¹ Institut of Plant Physiology, Botanicheskaya 35, 127276, Moscow, U.S.S.R.
² Landau Institute for Theoretical Physics, Kosygina 2, 117940 Moscow, U.S.S.R.
³ Institute of Cybernetics, U.S.S.R. Academy of Sciences, Vavilov str. 34, Moscow, U.S.S.R.

(Received 18 September 1990, accepted 13 December 1990)

Abstract
The macroscopic theory of the competition between two different modifications ( $\Lambda$ - and $\Lambda$ /2-phases) of P $_{\beta'}$ (ripple) phase in lipid bilayers is presented. It is shown that the increase of the membrane curvature should lead to the phase transition from the $\Lambda$ /2-phase to the $\Lambda$ -phase; the critical value of the curvature $R^{-1}_{\rm c}$ is obtained as a function of the geometrical parameters of the $\Lambda$ /2-phase and the free energy difference $\Delta F^0$ between both phases in the case of planar membranes.
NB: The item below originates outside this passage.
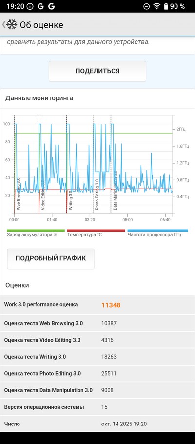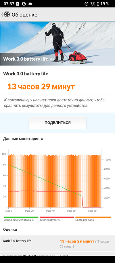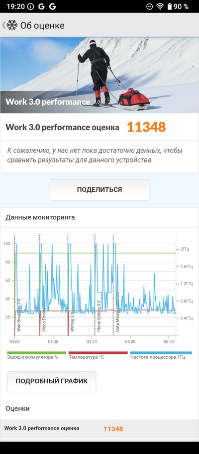 Тест загрузки PCMark. Результат хороший, при серьезной загрузке смартфон должен продержаться полный день.

The observed [3] splitting of disclinations in the $\Lambda$ /2-phase into well-separated half-integer parts connected by linear defects (of the lenght $\ell_d \ll \lambda$ ) is shown to be related with the smallness of $\Delta F^0$ . the relation between $R_{\rm c},~\ell_{\rm d}$ and geometrical and thermodynamic parameters of the $\Lambda$ /2-phase alone is obtained.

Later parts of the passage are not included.